Source material.
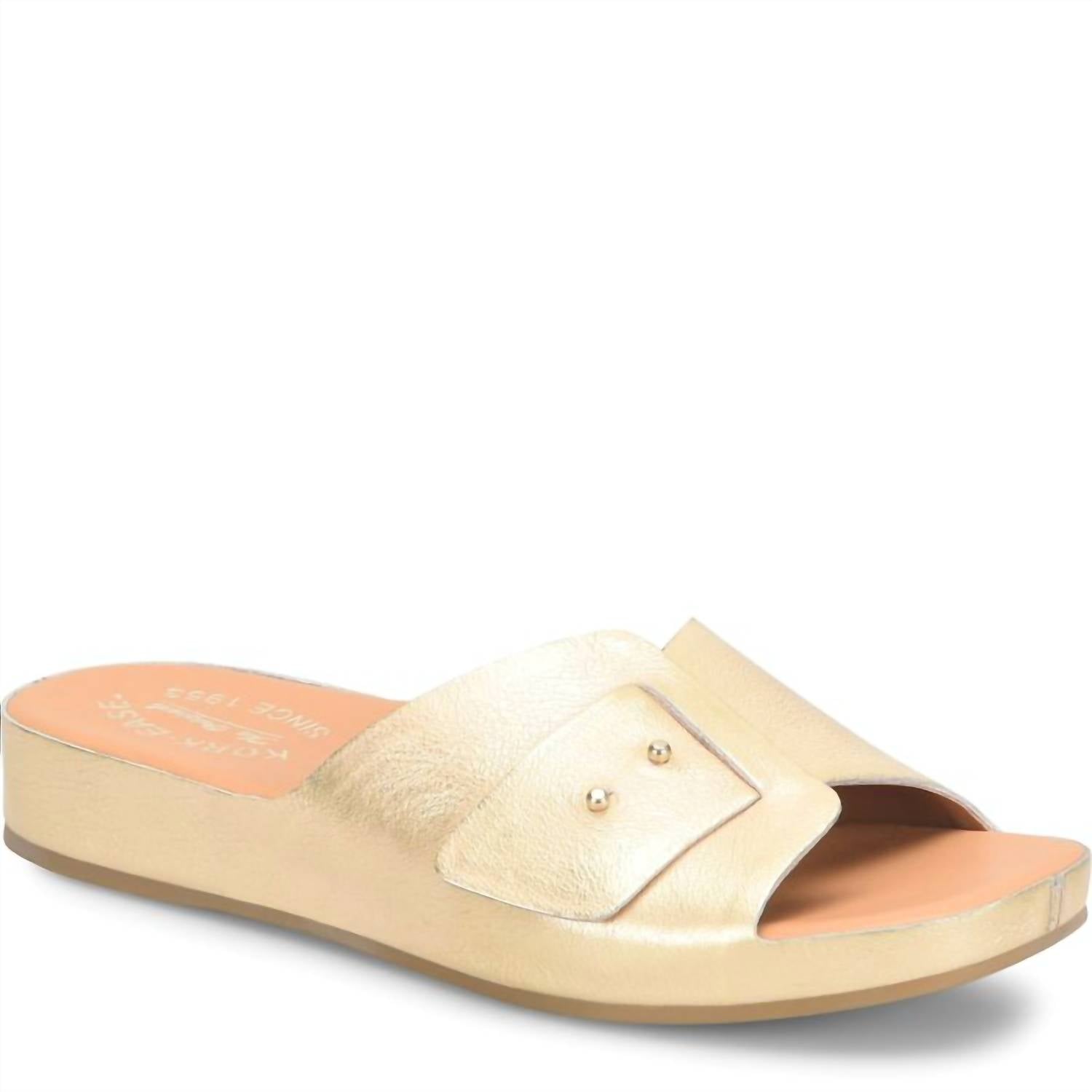 Flowy dresses, cropped pants, and even jumpsuits... this sandal works with them all! The Mesa slide features a soft full grain or metallic leather upper, a breathable micro fiber lining, a cushioned micro fiber footbed with extra foam, a 1-inch leather-wrapped wedge heel, and a lightweight rubber outsole with high traction. It has overlasted construction for durability.
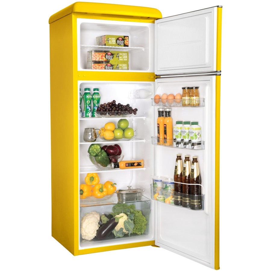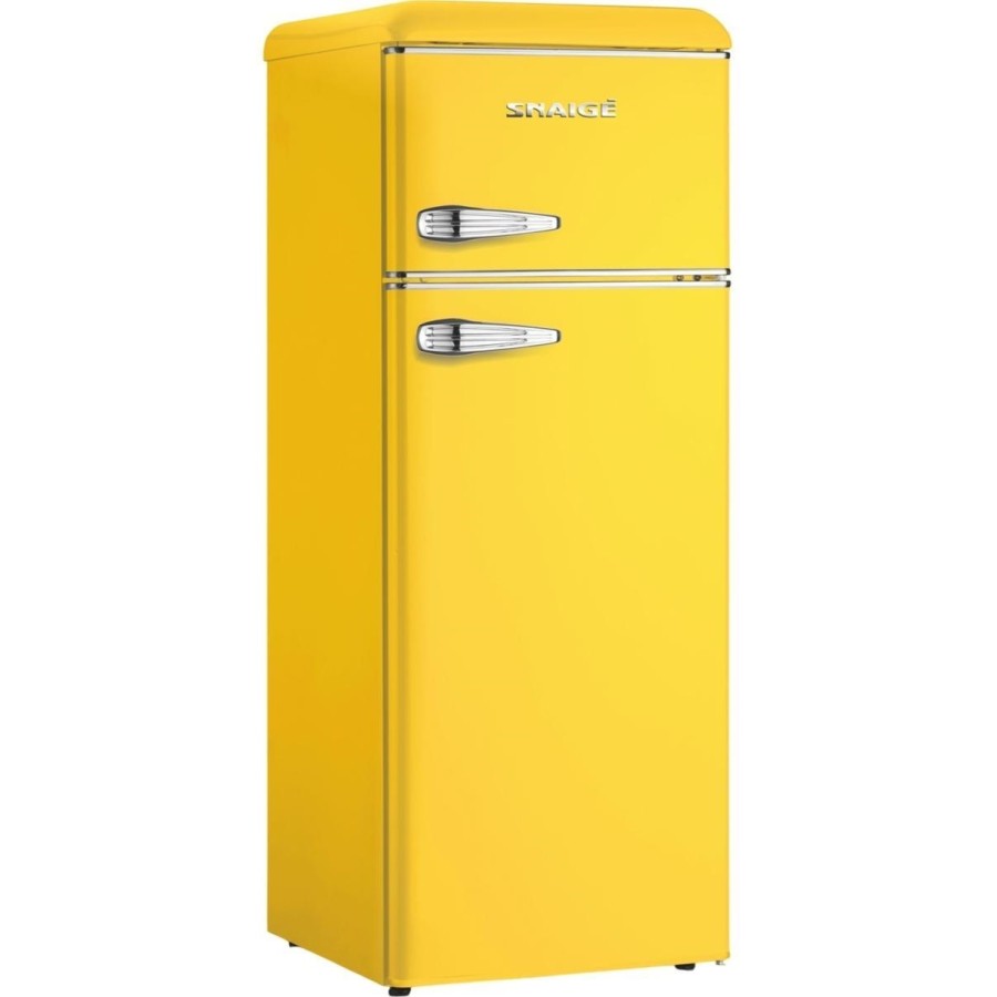 Холодильник Snaige FR24SM-PRDH0E — це поєднання класичного ретро-стилю та сучасних технічних рішень. Модель є окремостоячою, оснащена верхньою морозильною камерою та виконана в яскравому жовтому кольорі з декоративними дверними планками зі срібною гальванічною металізацією. Корисний об’єм холодильника становить 209 л, з яких 162 л припадає на відділення для свіжих продуктів і 47 л — на 4-зіркову морозильну камеру.
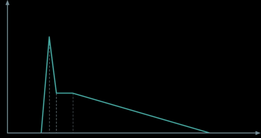 - Decay: Sustain으로 내려가는 속도.
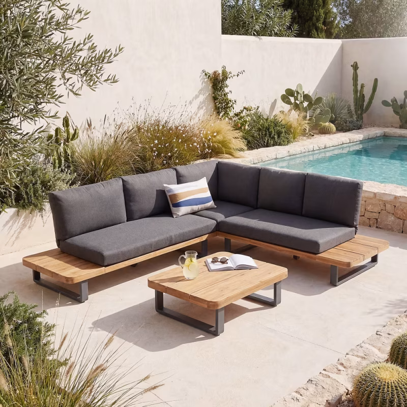 Maldives – Salon de jardin 4/5 places en aluminium anthracite, bois d’acacia et coussins en polyester recyclé anthracite Maisons du Monde

What needs to be done. Every line between the one containing "- Decay: Sustain으로 내려가는 속도." and the last line of the data above, both included, should be copied exactly, but not the pictures.

Response to the task.
 - Decay: Sustain으로 내려가는 속도.
 Maldives – Salon de jardin 4/5 places en aluminium anthracite, bois d’acacia et coussins en polyester recyclé anthracite Maisons du Monde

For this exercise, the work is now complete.